Cytotoxicity of Psammaplin A from a two-sponge association may correlate with the inhibition of DNA replication
BMC Cancer 2004 Sep 30;4:70.PMID:15456519DOI:10.1186/1471-2407-4-70.
Background: SV40 DNA replication system is a very useful tool to understand the mechanism of replication, which is a tightly regulated process. Many environmental and cellular factors can induce cell cycle arrest or apoptosis by inhibiting DNA replication. In the course of our search for bioactive metabolites from the marine sponges, Psammaplin A was found to have some anticancer properties, the possible mechanism of which was studied.
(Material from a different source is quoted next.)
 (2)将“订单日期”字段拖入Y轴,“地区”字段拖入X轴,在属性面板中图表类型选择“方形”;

Methods: Cell viability was determined by Cell Counting Kit-8 (CCK-8) to count living RAW264.7 cells by combining 2-(2-methoxy-4-nitrophenyl)-3-(4-nitrophenyl)-5-(2,4-disulfophenyl)-2H-tetrazolium (WST-8) and 1-methoxy-phenazine methosulfate (1-methoxy-PMS). The effect of Psammaplin A on DNA replication was carried out in SV40 DNA replication system in vitro. The activities of topoisomerase I and polymerase alpha-primase were measured by the relaxation of superhelical plasmid DNA and the incorporation of [3H]dTTP to the template respectively. The ssDNA binding activity of RPA was assessed by Gel Mobility Shift Assay (GMSA). Results: We have found that Psammaplin A delivers significant cytotoxic activity against the RAW264.7 cell line. It was also found that Psammaplin A could substantially inhibit SV40 DNA replication in vitro, in which polymerase alpha-primase is one of its main targets. Conclusion: Taken together, we suggest that psammaplin A-induced cytotoxicity may correlate with its inhibition on DNA replication. Psammaplin A has the potential to be developed as an anticancer drug.
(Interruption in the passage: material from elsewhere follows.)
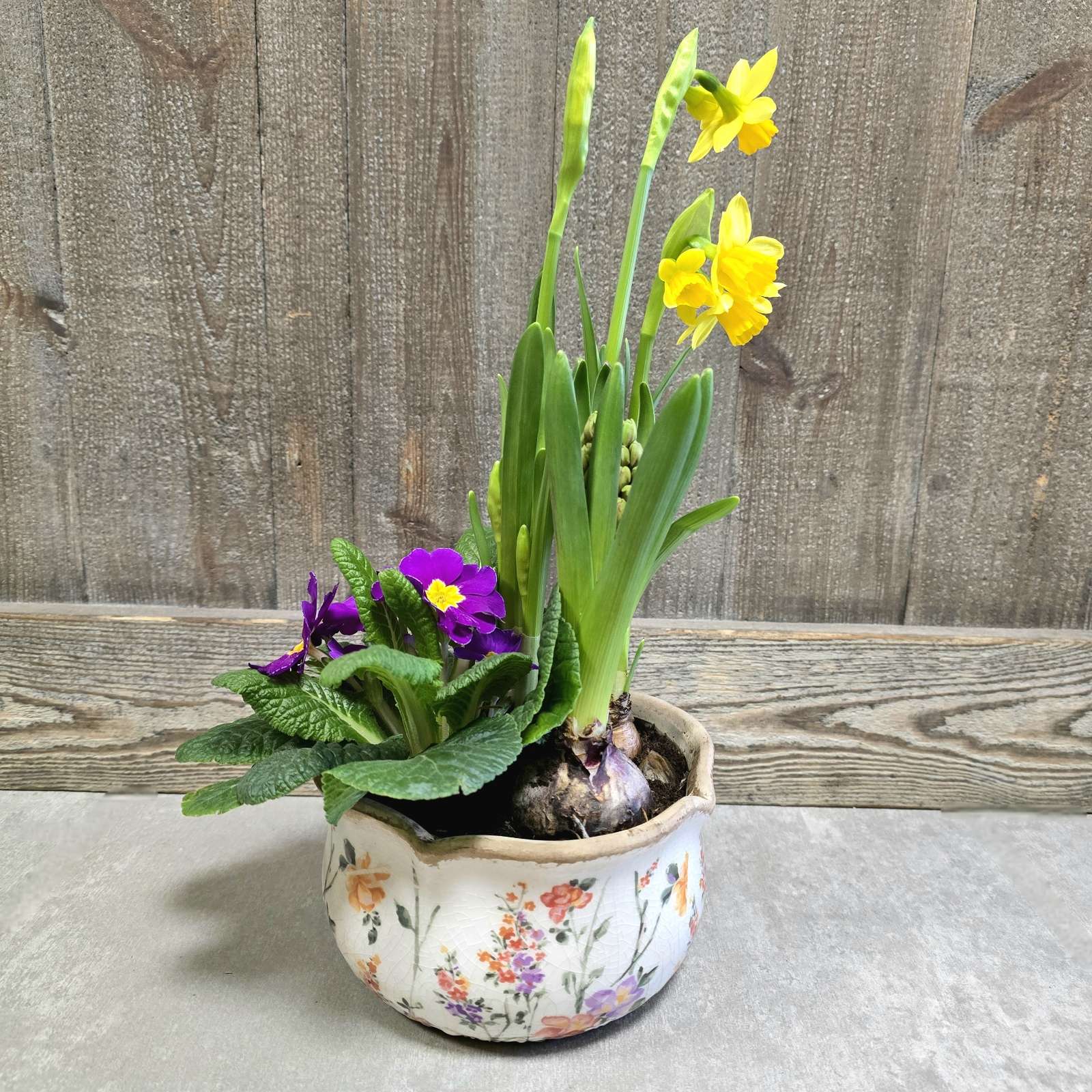 Jolie composition de plantes de printemps (jacinthe, narcisses, primevère...) dans une coupe en céramique aux allures champêtres. Diamètre de la coupe : 20 cm environ.

Camptothecin-psammaplin A hybrids as topoisomerase I and HDAC dual-action inhibitors
Eur J Med Chem 2018 Jan 1;143:2005-2014.PMID:29150335DOI:10.1016/j.ejmech.2017.11.021.
Recent studies have demonstrated enhanced anticancer effects of combination therapy consisting of camptothecin derivatives and HDAC inhibitors. To exploit this synergy in a single active compound, we designed new dual-acting multivalent molecules simultaneously targeting topoisomerase I and HDAC. In particular, a selected compound containing a camptothecin and the Psammaplin A scaffold showed a broad spectrum of antiproliferative activity, with IC50 values in the nanomolar range. Preliminary in vivo results indicated a strong antitumor activity on human mesothelioma primary cell line MM473 orthotopically xenografted in CD-1 nude mice and very high tolerability.
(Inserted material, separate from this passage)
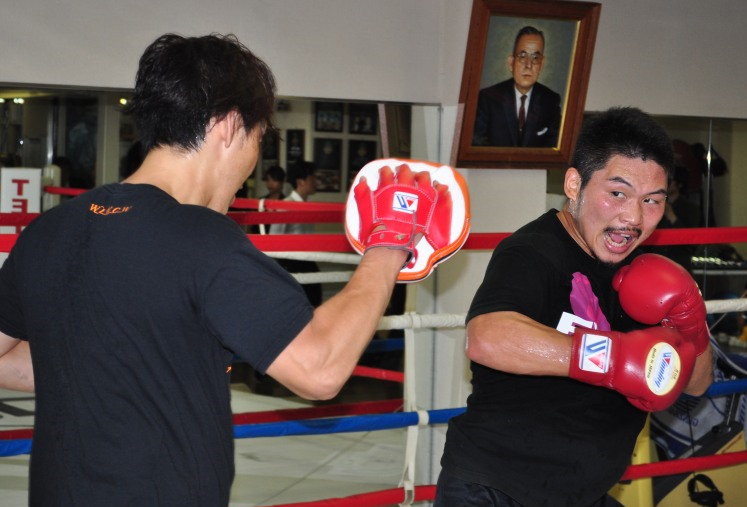 | 初防衛戦が決まり、練習に熱が入る三浦隆司 |

Psammaplin A, a chitinase inhibitor isolated from the Fijian marine sponge Aplysinella rhax
Bioorg Med Chem 2002 Apr;10(4):1123-8.PMID:11836123DOI:10.1016/s0968-0896(01)00372-8.
Several brominated tyrosine derived compounds, psammaplins A (1), K (2) and L (3) as well as bisaprasin (4) were isolated from the Fijian marine sponge Aplysinella rhax during a bioassay guided isolation protocol. Their structures were determined using NMR and MS techniques. Psammaplin A was found to moderately inhibit chitinase B from Serratia marcescens, the mode of inhibition being non-competitive. Crystallographic studies suggest that a disordered Psammaplin A molecule is bound near the active site. Interestingly, Psammaplin A was found to be a potent antifungal agent.